Carrying on from my last post where I promised more information on some of the photos I'd taken.
Freddie Gilroy (1921-2008) was born in County Durham to a mining family. He went to work at the local mine but also joined the Territorial Army. In 1939 at the start of war he was called up to be a gun aimer for the Royal Artillery. Towards the end of the war he became a Regimental Police Officer. On the 15th April 1945 he was part of the force sent to Hamburg to liberate Bergen Belsen. The horrors of what he experienced stayed with him for the rest of his life. He spent his 24th birthday within the camp and when interviewed by a local newspaper in the 1980s he confessed that he had cried on every birthday since then.
That's Scarborough Castle in the background, shrouded in the morning mist.
In the Canadian Memorial hanger at the Yorkshire Air Museum at Elvington is the Halifax Bomber called Friday 13th.
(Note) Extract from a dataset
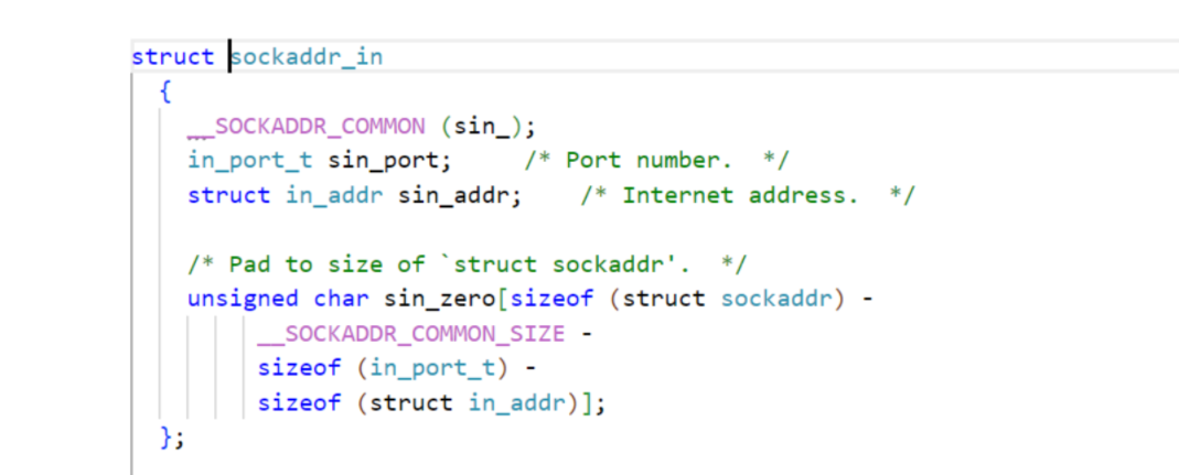其中socket_in的第一个字段sin_family 表明是网络套接字还是域间套接字(可以展开宏看看),关于地址族。第二个字段sin_port为套接字的端口号,sin_addr为套接字的ip地址,最后一个为填充字段

We watched a small film in the on site cinema about how it came to be named. Bomber Command 158 Squadron flew Halifax bombers from nearby RAF Lissett each plane having it's own unique call sign. By 1944 all Halifax Bombers given the F for Freddy designation had been lost so when the new one arrived it was deemed to be unlucky. On it's first mission in March 1944 bomber LV907 F broke that run of bad luck. That night 95 aircraft were lost but LV907 returned. The Canadian crew decided to call it Friday 13th to 'jinx' it even more, they painted many images of bad luck onto the plane and defiantly embraced the F for Freddy superstition. LV907 Friday 13th went on to return safely from 128 more missions before the end of the war. This particular Halifax was held in great affection by its crews and of course they all wanted to fly on missions in this aircraft.